For this exercise, an exact copy is needed of only the lines from the one containing "Reeves element, wood" through the end of the data, with pictures left out.

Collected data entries
------------------------------------------------
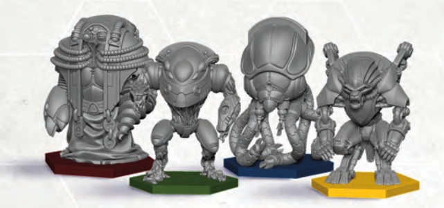
4x6 Exosuit miniatures
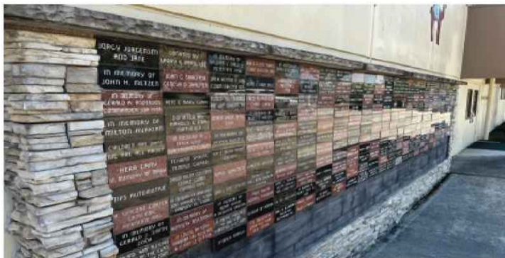
Wall of Fame, located on the outside of the Main Hall between the two sets of double doors.
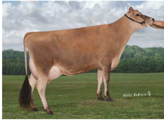
DODAN LH VISIONARY TESSA, E-90% SISTER TO THE GRANDAM OF LOT 5
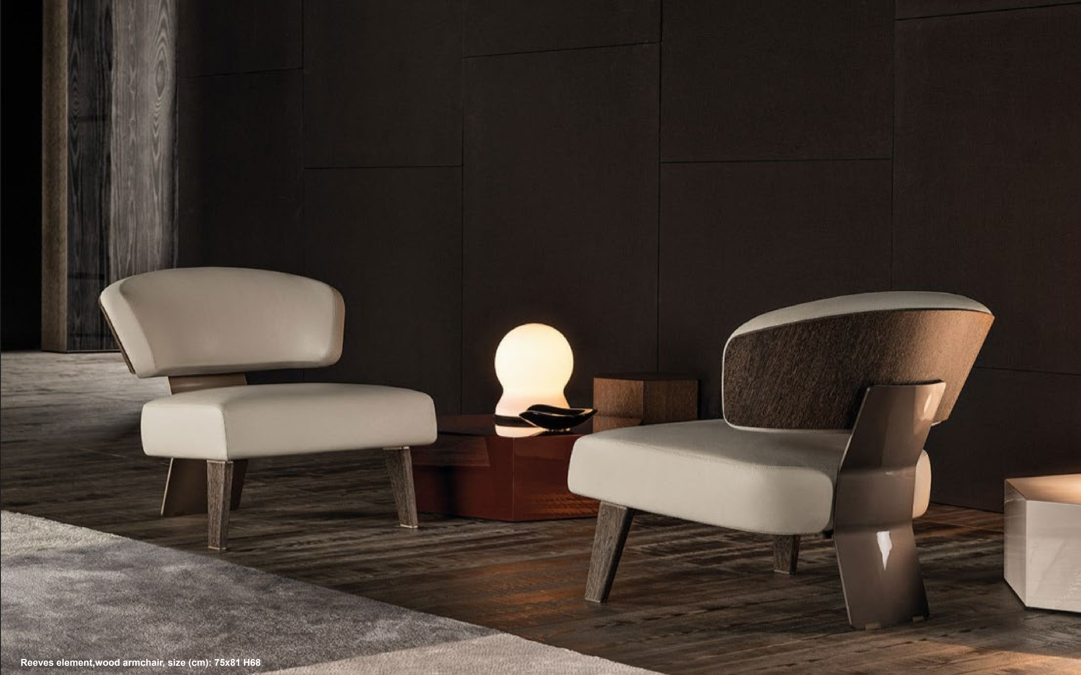
Reeves element, wood armchair, size (cm): 75x81 H68
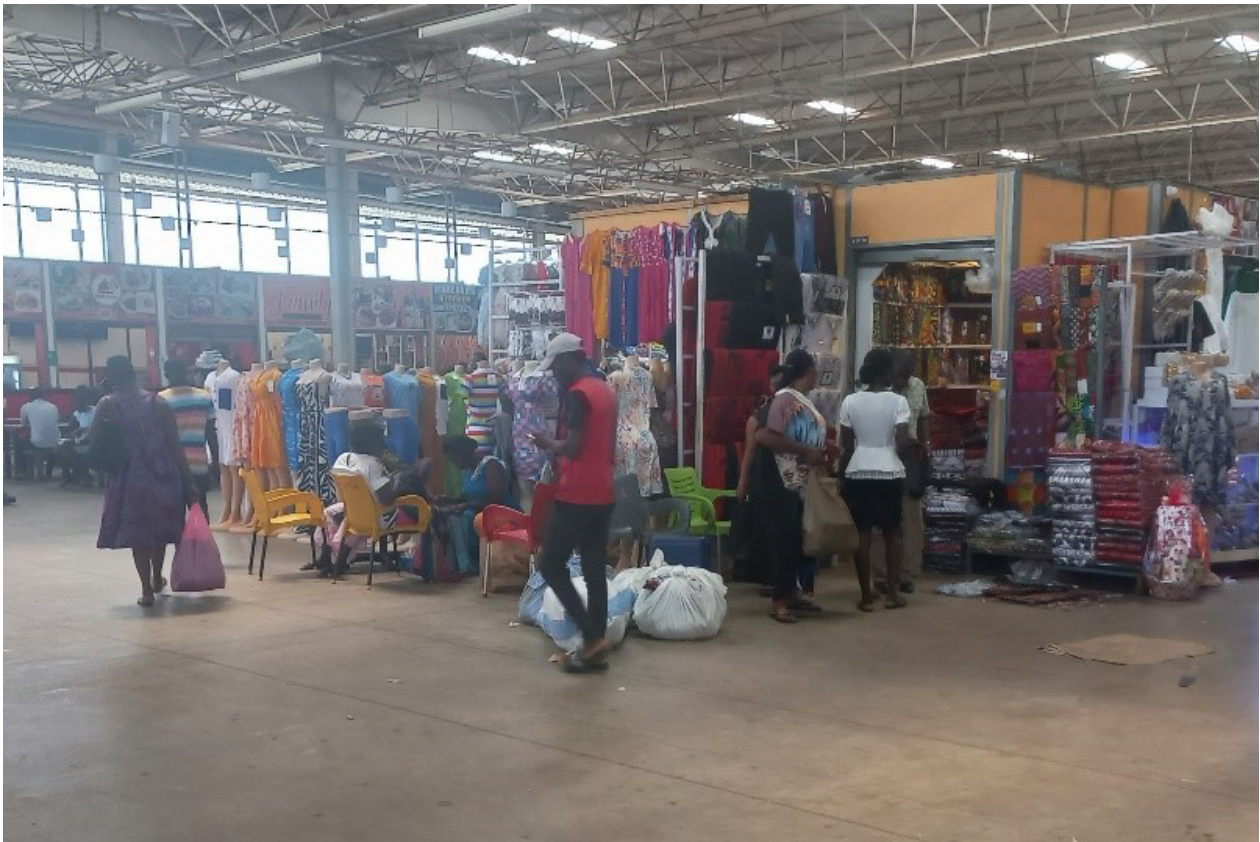
Fig. 5: Food and clothing sections in the Kejetia Market in Kumasi

While global measures of infection control are effective and applicable in many places, it is important for countries to select measures that fit their context. Instead of closing down market facilities or running a shift system to enforce social distancing in a marketplace where several informal workers are dependent on a daily wage for survival, market authorities should exert their energy towards providing hygienic conditions in the marketplace through improved sanitation and regular fumigation. Indeed, a handwashing protocol and regular fumigation are relatively easier to implement than social distancing protocols. These measures are less destructive to businesses and the economic life of the market players, especially the vulnerable groups. What is needed is the commitment of stakeholders to make resources available to sustain the supply of hygiene consumables.
------------------------------------------------
> **Written answer**:
Reeves element, wood armchair, size (cm): 75x81 H68
Fig. 5: Food and clothing sections in the Kejetia Market in Kumasi

While global measures of infection control are effective and applicable in many places, it is important for countries to select measures that fit their context. Instead of closing down market facilities or running a shift system to enforce social distancing in a marketplace where several informal workers are dependent on a daily wage for survival, market authorities should exert their energy towards providing hygienic conditions in the marketplace through improved sanitation and regular fumigation. Indeed, a handwashing protocol and regular fumigation are relatively easier to implement than social distancing protocols. These measures are less destructive to businesses and the economic life of the market players, especially the vulnerable groups. What is needed is the commitment of stakeholders to make resources available to sustain the supply of hygiene consumables.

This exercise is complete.